In pseudoxanthoma elasticum (PXE), low levels of inorganic pyrophosphate result in extensive arterial calcification. Recently, the treatment of ectopic mineralization in the PXE (TEMP) trial showed that one year of treatment with etidronate halts progression of femoral artery calcification in PXE patients.
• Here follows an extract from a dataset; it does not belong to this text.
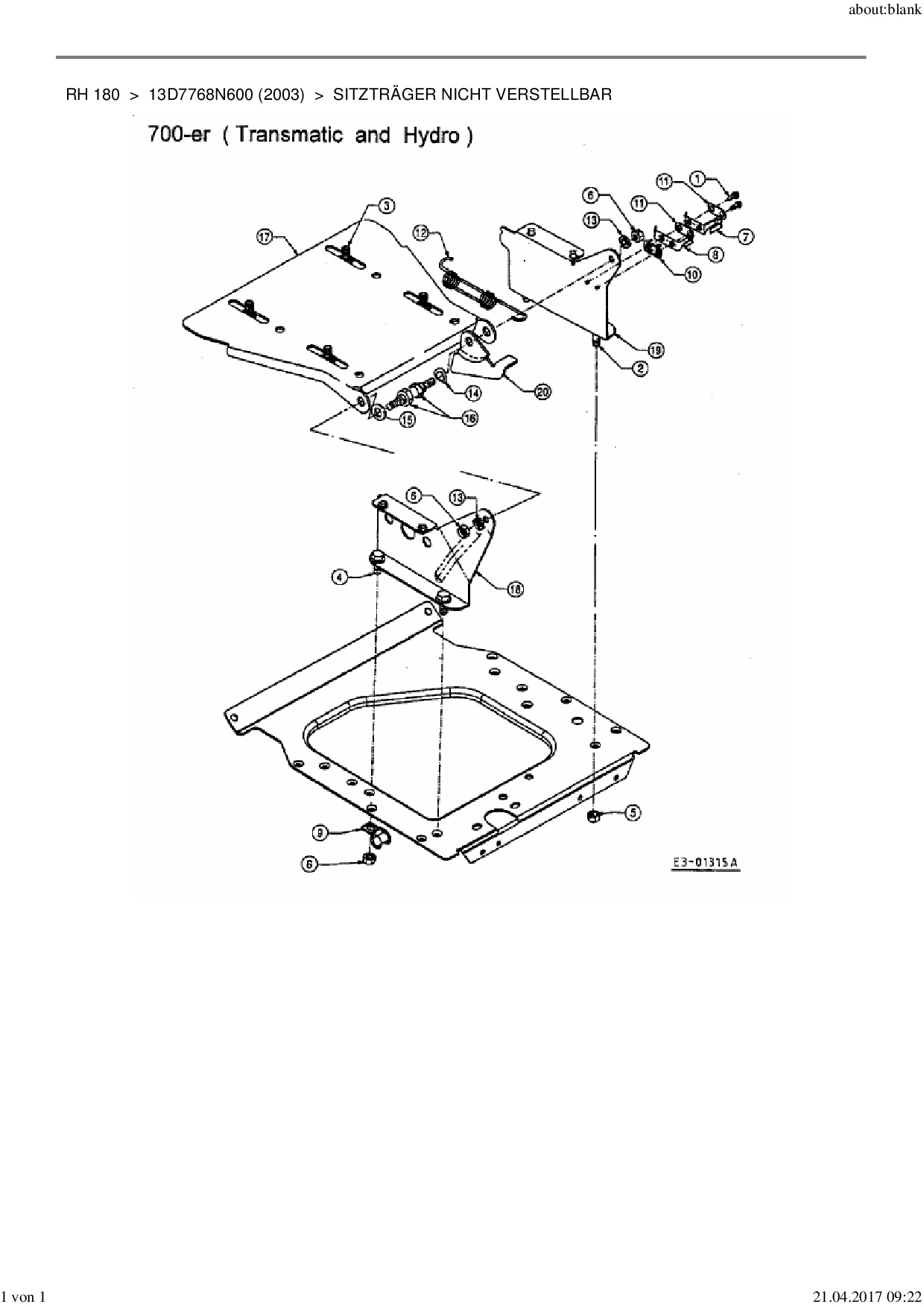 Ersatzteile für Rasentraktor MTD RH 180 aus der Zeichnung Sitzträger nicht verstellbar: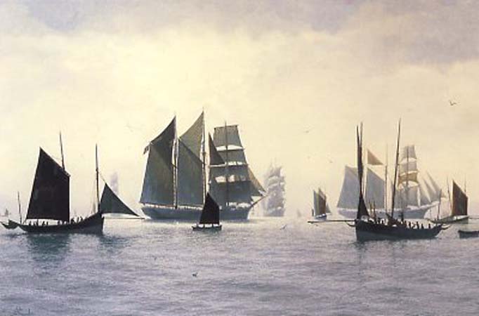 Years later, researching material for his paintings, this childhood memory drew him to the history of these fishing traditions and he was probably the only highly celebrated maritime artist to have a personal memory of these majestic fleets under sail.

The aim of this study was to test the efficacy of etidronate on calcification in different vascular beds.

METHODS

In this prespecified post-hoc analysis of the TEMP trial, arterial calcification mass was quantified in the carotid siphon, common carotid artery, thoracic and abdominal aorta, coronary arteries, iliac arteries, and the femoropopliteal and crural arteries using CT at baseline and after one year of etidronate treatment or placebo. In addition, a total arterial calcification score was calculated. The difference in calcification progression was compared between the etidronate and placebo group.

RESULTS

74 PXE patients were enrolled and randomized. Etidronate significantly halted progression of calcification in all vascular beds except for the coronary arteries. For the total arterial calcification score, the median absolute increase in mass score was -63.6 (-438.4-42.2) vs. 113.7 (9.4-377.1) (p < 0.01) and the median relative increase was -2.4% (-10.3-3.8) vs. 6.3% (0.2-15.8) (p < 0.01) in the etidronate and placebo arm, respectively.

CONCLUSIONS

Etidronate treatment halts systemic arterial calcification in PXE. Further research must assess the long term safety and efficacy of etidronate on clinical outcomes in PXE.

摘要

背景与目的

在弹性假黄瘤(PXE)中,无机焦磷酸盐水平降低导致广泛的动脉钙化。最近,PXE 异位矿化治疗(TEMP)试验的治疗表明,依替膦酸治疗一年可阻止 PXE 患者股动脉钙化进展。本研究旨在测试依替膦酸对不同血管床钙化的疗效。

方法

在 TEMP 试验的这项预设事后分析中,使用 CT 在基线时和依替膦酸治疗或安慰剂治疗一年后对颈动脉虹吸、颈总动脉、胸主动脉和腹主动脉、冠状动脉、髂动脉以及股腘和小腿动脉的动脉钙化质量进行定量。此外,还计算了总的动脉钙化评分。比较依替膦酸和安慰剂组之间钙化进展的差异。

结果

74 例 PXE 患者入组并随机分组。依替膦酸显著阻止了所有血管床(除冠状动脉外)的钙化进展。对于总的动脉钙化评分,质量评分的中位数绝对增加量为-63.6(-438.4-42.2)与 113.7(9.4-377.1)(p<0.01),中位数相对增加量为-2.4%(-10.3-3.8)与 6.3%(0.2-15.8)(p<0.01),分别在依替膦酸和安慰剂组。

结论

依替膦酸治疗可阻止 PXE 的系统性动脉钙化。需要进一步研究评估依替膦酸对 PXE 临床结局的长期安全性和疗效。